*** Input material Section Begins ***

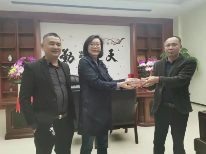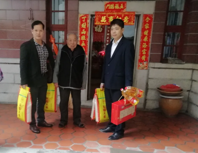 漳州太阳成集团tyc7111运营总监杨宏湘为漳浦县旧镇镇林美村民委员会送去春节慰问金,由村委会代为发放村内老人春节福利,将公司的关爱注入到老人们的心田。
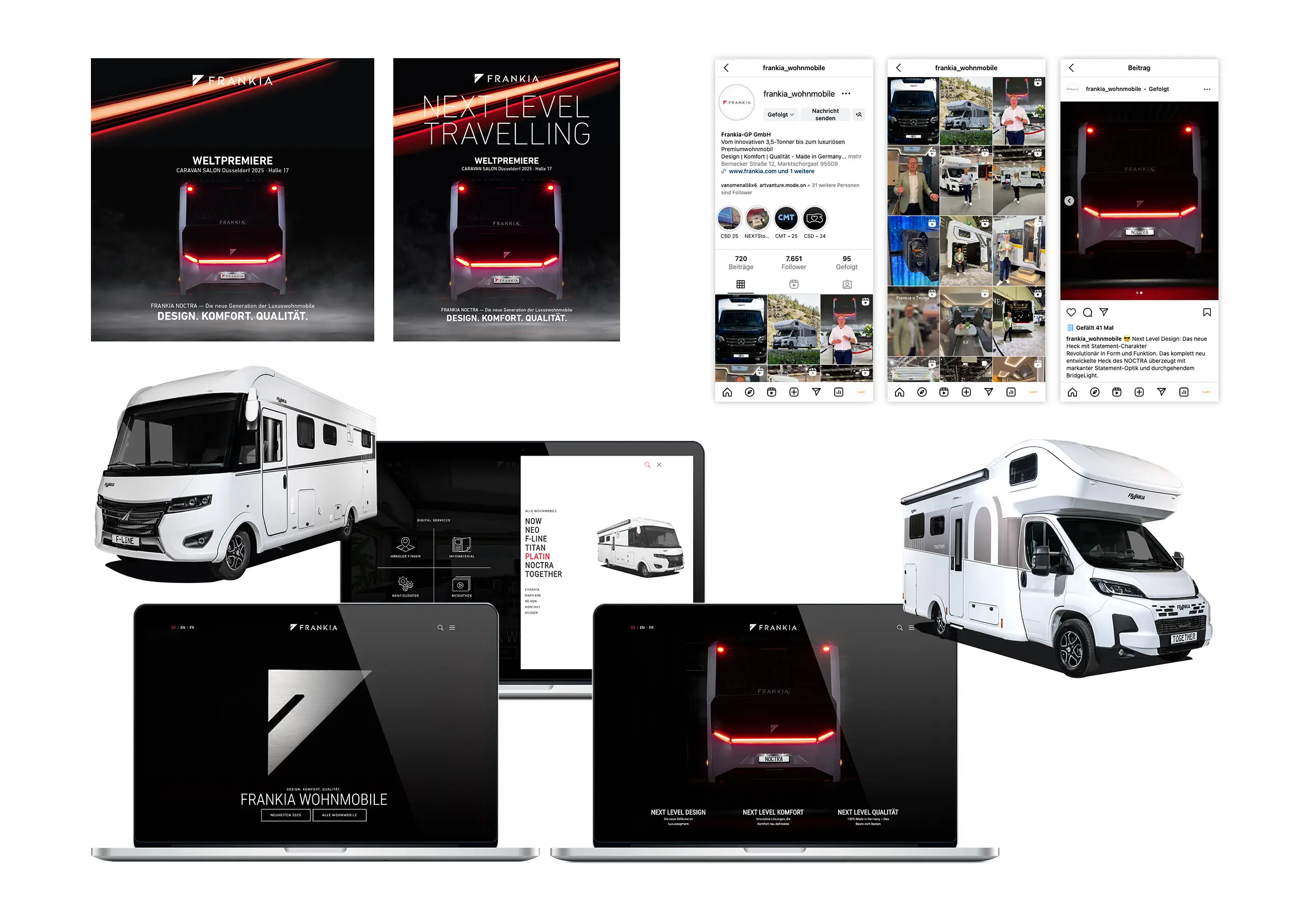 The new brand design for FRANKIA was developed as part of a strategic realignment and marks the transformation into a future-orientated design brand in the motorhome segment. Our work includes the creation of a modern corporate design and a clear word and figurative mark, consistently applied across website, social media, brochures (print and digital), trade fair presence, advertisements, and product photography. This holistic strategy provides the industry leader with maximum clarity and recognition for its international presence and underscores the company’s core values: Design. Comfort. Quality. – “Made in Germany.”
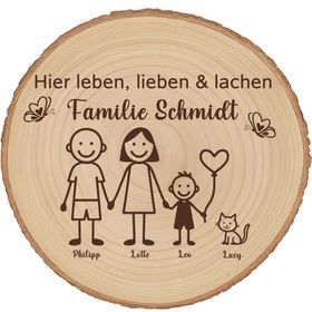 Lieferung: 1 Baumscheibe mit Rinde Motiv Hier leben, lieben & lachen Familie mit Familien- und Vornamen
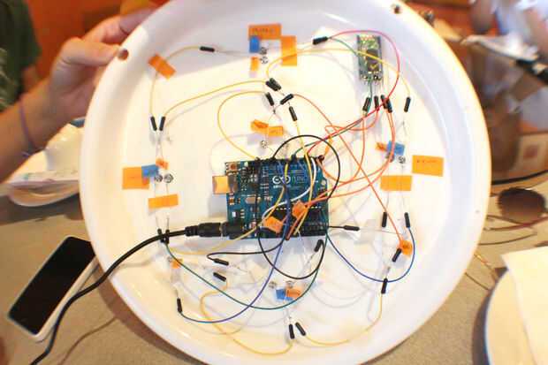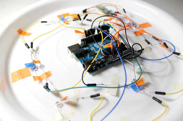 Me olvidé de comprar tableros de circuito en blanco, por lo que mi configuración actual parece un completo desastre. Básicamente había soldado los extremos de los cables de puente a los extremos de los LEDs. Lección aprendida. Pero bueno, funciona!
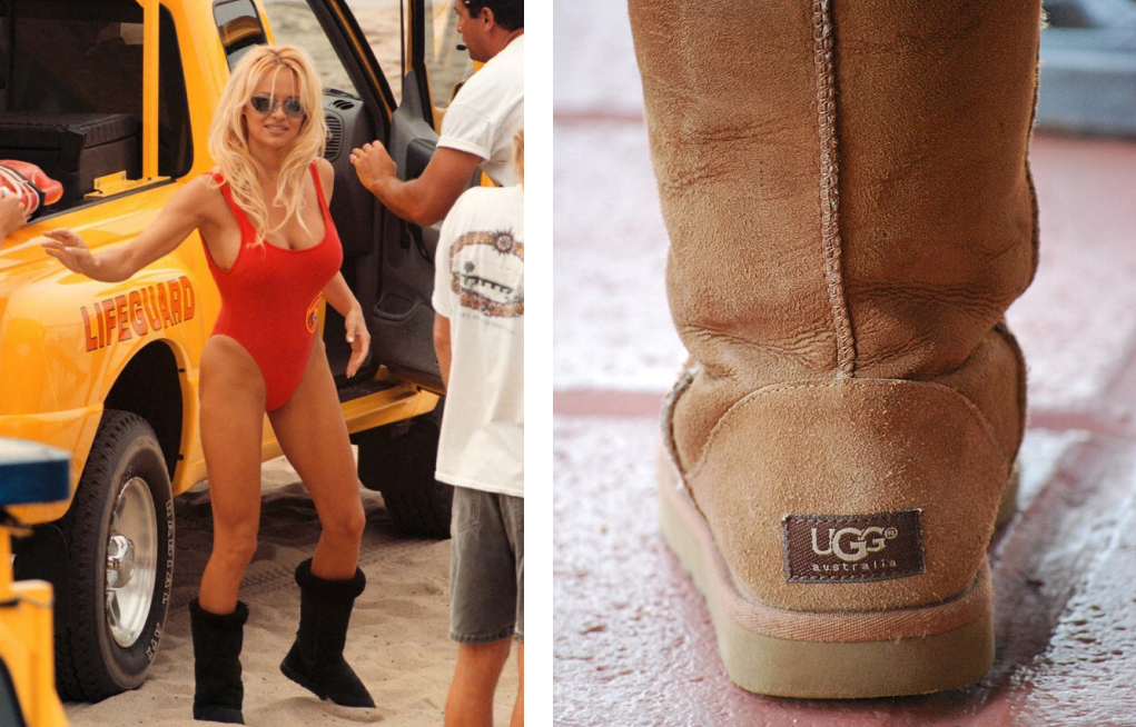 В 90-е — угги становятся модной фишкой для большинства актеров. Памела Андерсон, снимаясь в сериале «Спасатели Малибу», на пляже за кадром постоянно носила эту обувь. Актрису фотографировали папарацци и размещали контент в модных журналах и желтых газетенках. Как только изображения Андерсон попали в глянцевые журналы, так угги сразу стали символом, увеличив доходы компании, которая их производила.
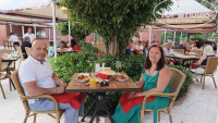 Турецкий на свежем воздухе ,живая музыка,очень хорошо пели про любовь на турецком.Вежливое обслуживание вкусная баранина на гриле,пахлава с мороженым пальчики оближешь.Очень рекомендую к посещению.Второй ресторан аля карт итальянский в красивом зале с высоким купольным потолком украшен фресками и лепниной.Под прекрасную классическую музыку в красивой посуде подавали изысканные блюда рыбку в соусе,салат Цезарь,закуски маслины,вяленые томаты,пиццу, и очень вкусный десерт тирамису.Все блюда понравились,съели с наслаждением.Очень внимательные и вежливые официанты подсказали что выбрать,прекрасные рекомендации по блюдам.Спасибо за вкусовые наслаждения рекомендую.
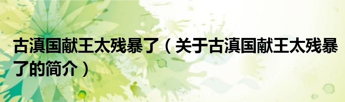 大家好,古滇國獻王太殘暴了,關于古滇國獻王太殘暴了的簡介很多人還不知道,現在讓我們一起來看看吧!
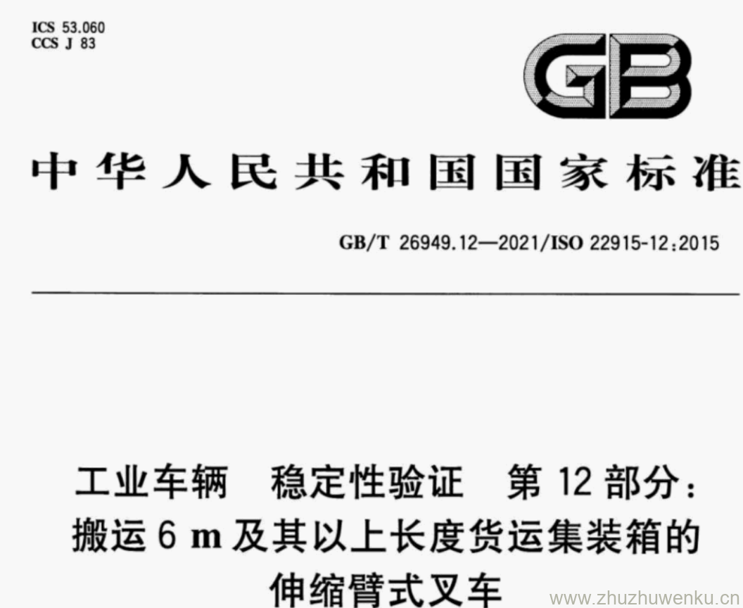 GB/T 26949.12-2021 pdf下载 工业车辆稳定性验证 第12部分: 搬运6m及其以上长度货运集装箱的 伸缩臂式叉车,
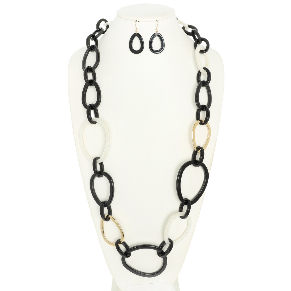 OVERSIZED ACRYLIC ANCHOR STYLE CHAIN NECKLACE EARRING SET
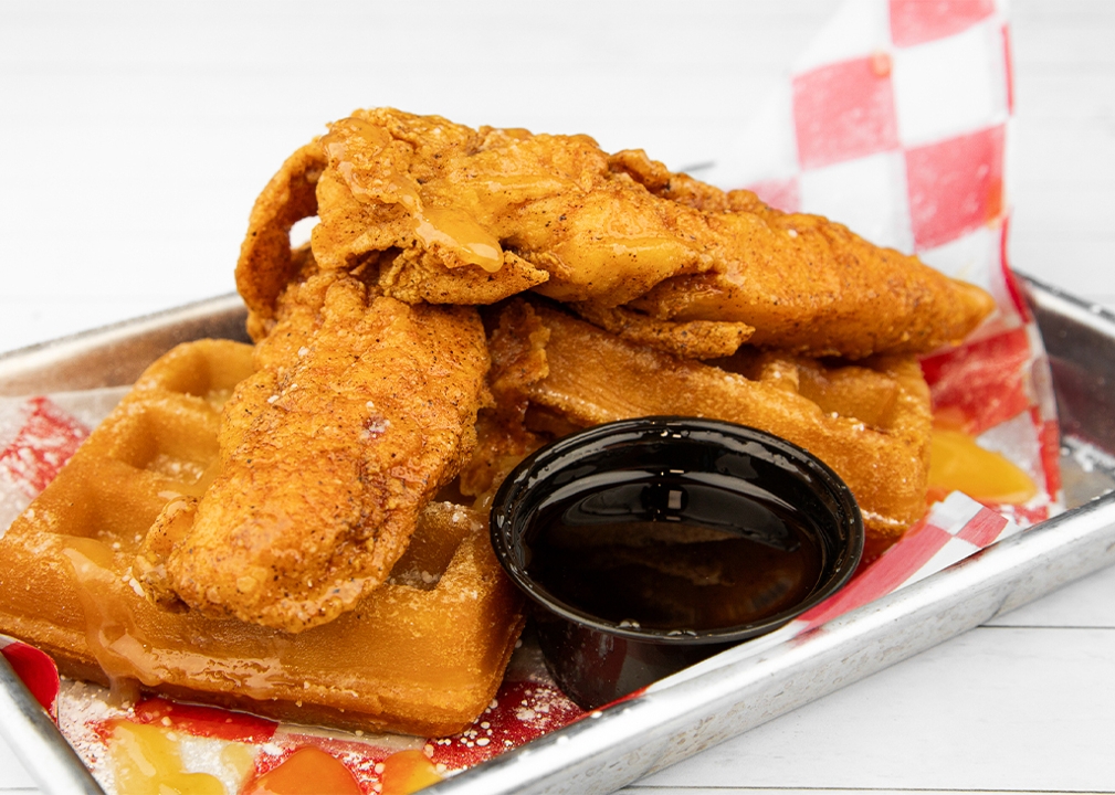 2 Waffles Topped With 2 Nashville Hot Chicken Tenders, Powdered Sugar, Hot Honey Butter and Served With Hot Honey Maple Syrup
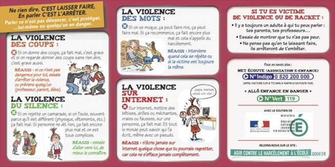 | Collège | Carte d’identité scolaire | Une illustration des différentes formes de violence à l’école | Ministère de l’éducation nationale | Télécharger |
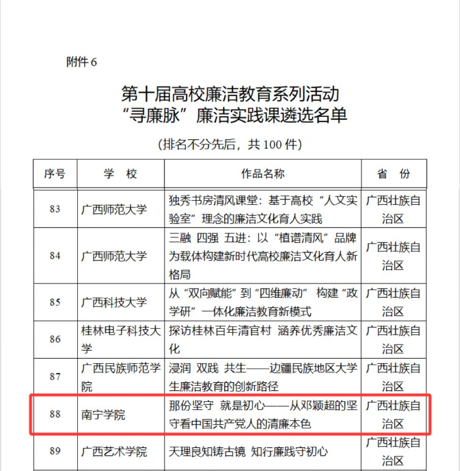 近年来,学校党委始终以“六廉”为抓手,搭建起多层次、立体化的廉洁教育平台,将清廉学校建设融入全面从严治党、管党治校和立德树人全过程。此次两项作品入选全国优秀名单,是对学校廉洁文化建设成效的充分肯定。2026年是清廉学校建设提质增效三年行动的收官之年,学校将持续深化“六廉并举”,不断丰富廉洁文化教育形式,推动清廉学校建设提质增效,为学校高质量发展营造风清气正的育人环境。(纪委办公室(监察室)、马克思主义学院供稿 文/叶小媚、温佳琦 一审一校:叶小媚、温佳琦 二审二校:高锦奎 三审三校:卢柳青)
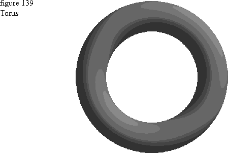 The sweep classes let you create shapes such as spheres, cones, tori, and cylinders in a few lines of code. Figure 139 shows the torus created from the DrawContents implementation that follows. The torus has a large radius of 100 worldcoordinate units, and a small radius of 50 world-coordinate units. The large radius is the distance form the origin (which is the center of the torus) to the inner edge of the torus, and the small radius is the distance from the inner edge of the torus to the center of the tube.
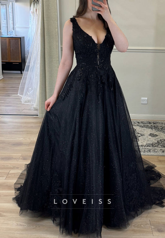 V-Neck Long Sleeves Appliques Sparkly A-Line Black Wedding Dress
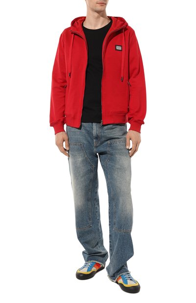 Толстовка из коллекции сезона осень-зима получилась в равной мере красивой и комфортной. За первое отвечает насыщенный красный оттенок, а на второе работают свободный крой и мягкий дышащий хлопок. Доменико Дольче и Стефано Габбана украсили модель небольшой аппликацией с логотипом бренда.
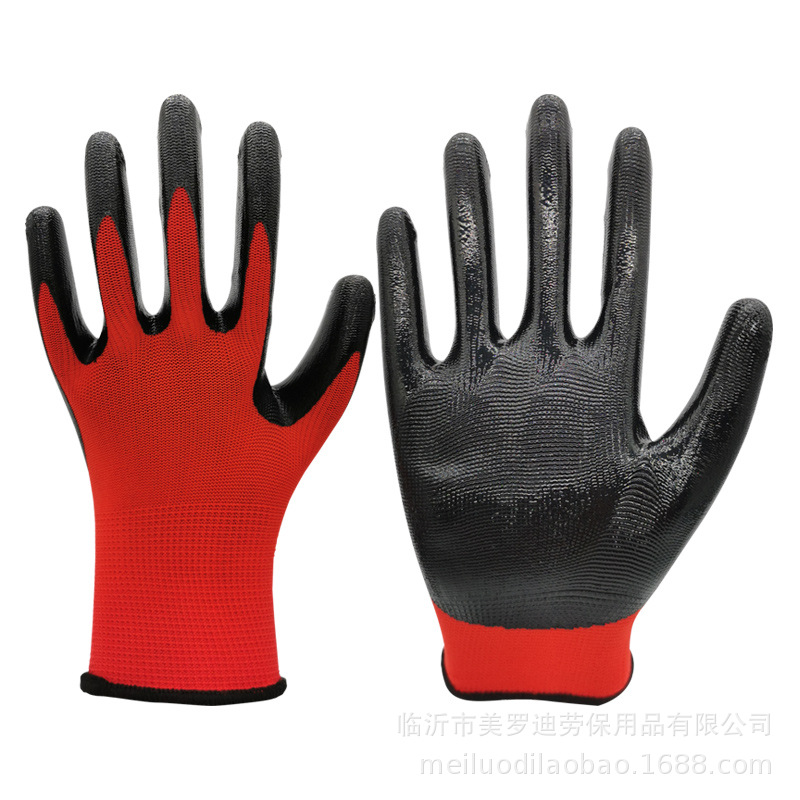 맞춤형 장갑 레드 원사 블랙 니트릴 내마모성 내유성 미끄럼 방지 나일론 손잡이 내구성 인쇄 처리 노동 보호 장갑스토어 가기

*** Input material Section Ends ***

→ Work required: Beginning with the line that contains "一审一校:叶小媚、温佳琦 二审二校:高锦奎 三审三校:卢柳青)", print exactly every line through the end of the records, both included. Omit the pictures.

→ Written response:
 近年来,学校党委始终以“六廉”为抓手,搭建起多层次、立体化的廉洁教育平台,将清廉学校建设融入全面从严治党、管党治校和立德树人全过程。此次两项作品入选全国优秀名单,是对学校廉洁文化建设成效的充分肯定。2026年是清廉学校建设提质增效三年行动的收官之年,学校将持续深化“六廉并举”,不断丰富廉洁文化教育形式,推动清廉学校建设提质增效,为学校高质量发展营造风清气正的育人环境。(纪委办公室(监察室)、马克思主义学院供稿 文/叶小媚、温佳琦 一审一校:叶小媚、温佳琦 二审二校:高锦奎 三审三校:卢柳青)
 The sweep classes let you create shapes such as spheres, cones, tori, and cylinders in a few lines of code. Figure 139 shows the torus created from the DrawContents implementation that follows. The torus has a large radius of 100 worldcoordinate units, and a small radius of 50 world-coordinate units. The large radius is the distance form the origin (which is the center of the torus) to the inner edge of the torus, and the small radius is the distance from the inner edge of the torus to the center of the tube.
 V-Neck Long Sleeves Appliques Sparkly A-Line Black Wedding Dress
 Толстовка из коллекции сезона осень-зима получилась в равной мере красивой и комфортной. За первое отвечает насыщенный красный оттенок, а на второе работают свободный крой и мягкий дышащий хлопок. Доменико Дольче и Стефано Габбана украсили модель небольшой аппликацией с логотипом бренда.
 맞춤형 장갑 레드 원사 블랙 니트릴 내마모성 내유성 미끄럼 방지 나일론 손잡이 내구성 인쇄 처리 노동 보호 장갑스토어 가기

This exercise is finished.